Gastric carcinoma is a very diverse disease. The progression of gastric carcinoma is influenced by complicated gene networks. This study aims to investigate the actual and potential prognostic biomarkers related to survival in gastric carcinoma patients to further our understanding of tumor biology.

Methods

A weighted gene co-expression network analysis was performed with a transcriptome dataset to identify networks and hub genes relevant to gastric carcinoma prognosis. Data was obtained from 300 primary gastric carcinomas (GSE62254). A validation dataset (GSE34942 and GSE15459) and TCGA dataset confirmed the results. Gene ontology, the Kyoto Encyclopedia of Genes and Genomes (KEGG) pathway enrichment analysis, and gene set enrichment analysis (GSEA) were performed to identify the clusters responsible for the biological processes and pathways of this disease.

Results

A brown transcriptional module enriched in the organizational process of the extracellular matrix was significantly correlated with overall survival (HR = 1.586, p = 0.005, 95% CI [1.149–2.189]) and disease-free survival (HR = 1.544, p = 0.008, 95% CI [1.119–2.131]). These observations were confirmed in the validation dataset (HR = 1.664, p = 0.006, 95% CI [1.155–2.398] in overall survival). Ten hub genes were identified and confirmed in the validation dataset from this brown module; five key biomarkers (COL8A1, FRMD6, TIMP2, CNRIP1 and GPR124 (ADGRA2)) were identified for further research in microsatellite instability (MSI) and epithelial-tomesenchymal transition (MSS/EMT) gastric carcinoma molecular subtypes. A high expression of these genes indicated a poor prognosis.

Conclusion

A transcriptional co-expression network-based approach was used to identify prognostic biomarkers in gastric carcinoma. This method may have potential for use in personalized therapies, however, large-scale randomized controlled clinical trials and replication experiments are needed before these key biomarkers can be applied clinically.

Introduction

Gastric carcinoma (GC) is one of the most aggressive and life-threatening malignancies. It ranks as the second-most common cause of tumor-related deaths worldwide, accounting for approximately 10% of all tumor deaths (Song et al., 2014). More than 50% of GC-related deaths occurred in East Asia, specifically in China (Ferlay et al., 2010; Kang et al., 2015). The development of malignant GC is a multi-step process. Patients diagnosed with advanced GC generally have a poor prognosis and the 5-year overall survival (OS) rate is approximately 20% (Catalano et al., 2009). Medical evaluation after gastrectomy and chemotherapy (CT) or chemo-radiotherapy (CRT) in a neo-adjuvant or adjuvant setting for GC is limited and the results of these treatments are disappointing. The lack of precision treatments and assessment strategies has prompted researchers to investigate the oncogenic abnormalities of GC to appraise survival rates and guide medical decisions. Identifying therapeutic targets and prognostic biomarkers for early detection of GC and developing appropriate therapies is a prospective approach for defining the subtypes of GC and improving the prognosis of patients with advanced GC. However, the potential heterogeneities and complexities of GC make it difficult to identify reliable factors for determining effective clinical treatments (Liu et al., 2017).

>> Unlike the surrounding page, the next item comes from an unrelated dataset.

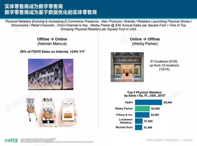 比如Neiman Marcus这家1900年诞生的百货公司现在已有25%的线上销售占比,而出身线上的Warby Parker也已经开出了自己的实体店,且表现不错,在实体店零售业中排名第二。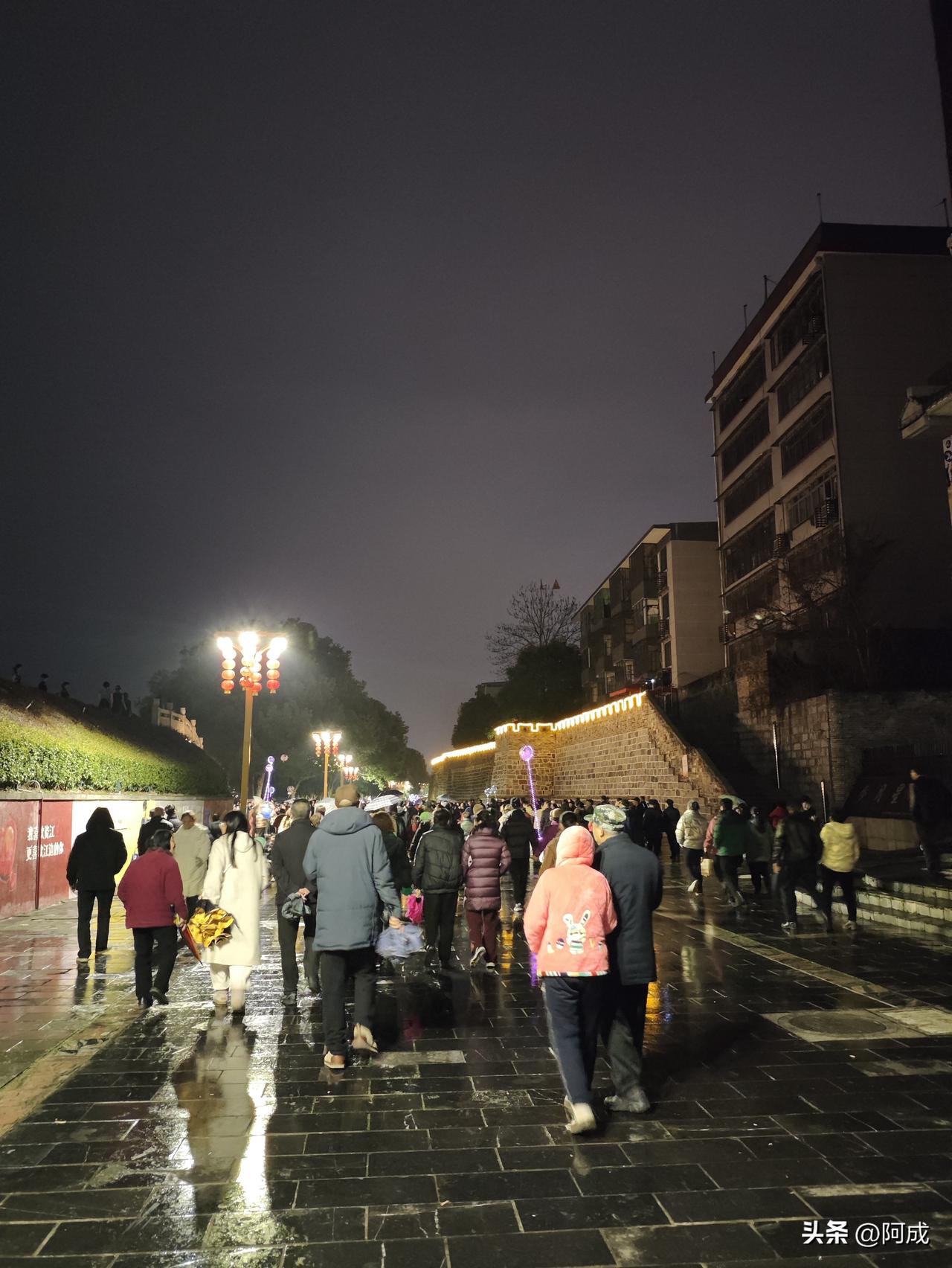 夜幕降临,我们去逛元宵灯会。现场早已人山人海,摩肩接踵的人群里满是节日的欢喜。舞台上的节目轮番上演,歌声与掌声交织;灯谜区的红纸条随风轻扬,不少人驻足沉思,偶尔传来猜对的雀跃声;各式灯笼次第亮起,将夜色映得温暖明亮。 女儿攥着我的手,满眼期待地想要一盏灯笼。我给她挑了个精致的小灯笼,暖黄的光在她掌心跳动,她笑得格外开心。 不料天公不作美,细密的毛毛雨忽然落下,打湿了灯影与人潮。我们又逛了一会儿,便带着小小的遗憾,提着灯笼回家了。

The complexity of GC is highlighted by its molecular biomarkers. However, the molecular subtyping of GC is based on several commonly used biomarkers (Liu et al., 2017), such as microsatellite instability (MSI) (Cancer Genome Atlas Research Network, 2012) and epithelial-to-mesenchymal transition (EMT) (Loboda et al., 2011). Four new and distinct GC subtypes associated with survival were proposed in a large population-based study (Cristescu et al., 2015).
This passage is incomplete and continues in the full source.